- _Records for the task_
★ ★ ★ ★ ★ ★ ★
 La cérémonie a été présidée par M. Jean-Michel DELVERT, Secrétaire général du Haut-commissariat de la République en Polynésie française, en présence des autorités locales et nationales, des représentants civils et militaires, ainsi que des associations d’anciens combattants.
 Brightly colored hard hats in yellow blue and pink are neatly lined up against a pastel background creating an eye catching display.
★ ★ ★ ★ ★ ★ ★
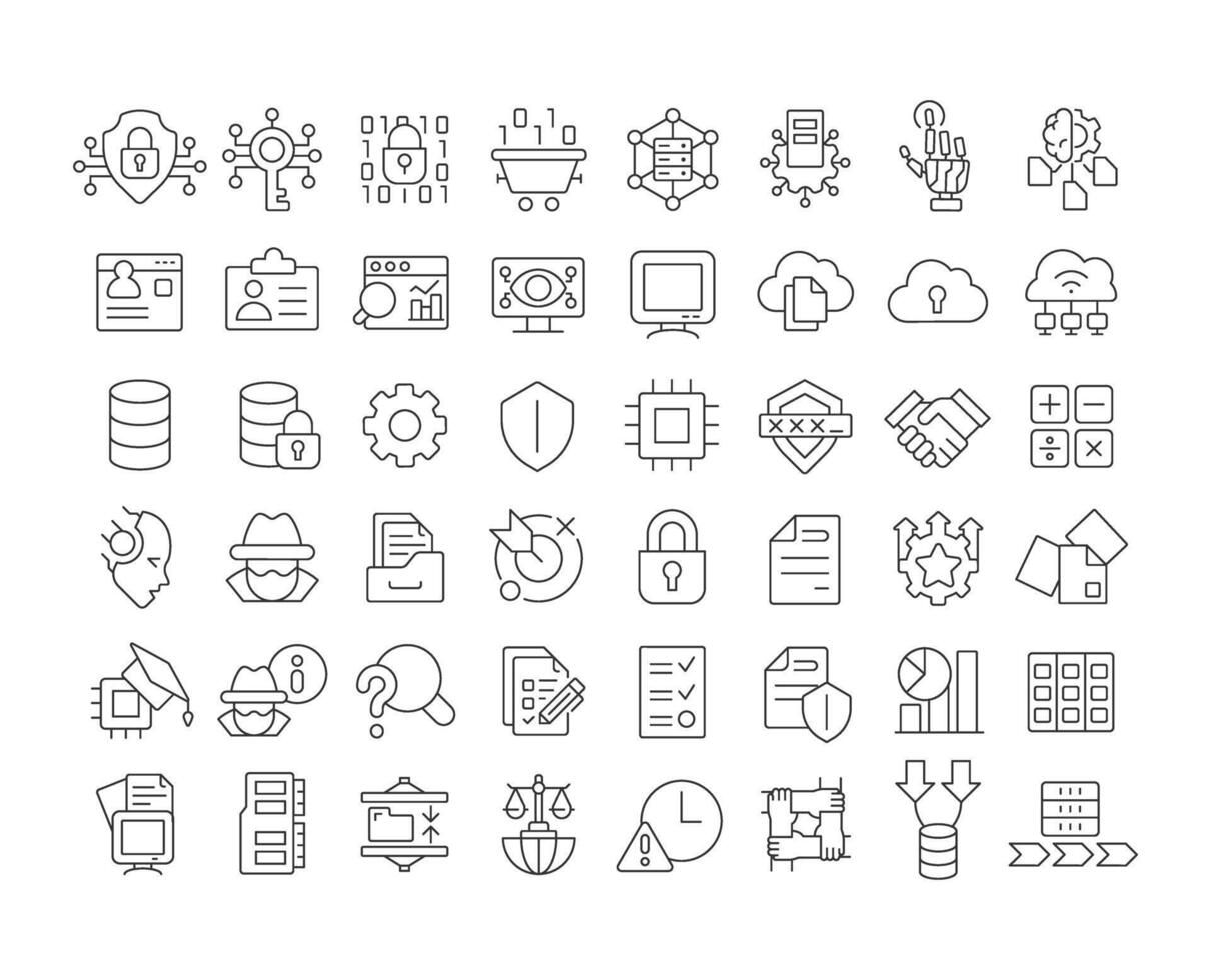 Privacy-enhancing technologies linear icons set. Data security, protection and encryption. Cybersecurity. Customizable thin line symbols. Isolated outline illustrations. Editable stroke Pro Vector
★ ★ ★ ★ ★ ★ ★
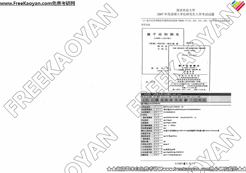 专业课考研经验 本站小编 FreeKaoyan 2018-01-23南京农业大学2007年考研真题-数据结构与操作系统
★ ★ ★ ★ ★ ★ ★
- _Activity_
Reproduce the entries above exactly, but only the lines between the line holding "La cérémonie a" and the line holding "Brightly colored hard", inclusive.

- _Task answer_
 La cérémonie a été présidée par M. Jean-Michel DELVERT, Secrétaire général du Haut-commissariat de la République en Polynésie française, en présence des autorités locales et nationales, des représentants civils et militaires, ainsi que des associations d’anciens combattants.
 Brightly colored hard hats in yellow blue and pink are neatly lined up against a pastel background creating an eye catching display.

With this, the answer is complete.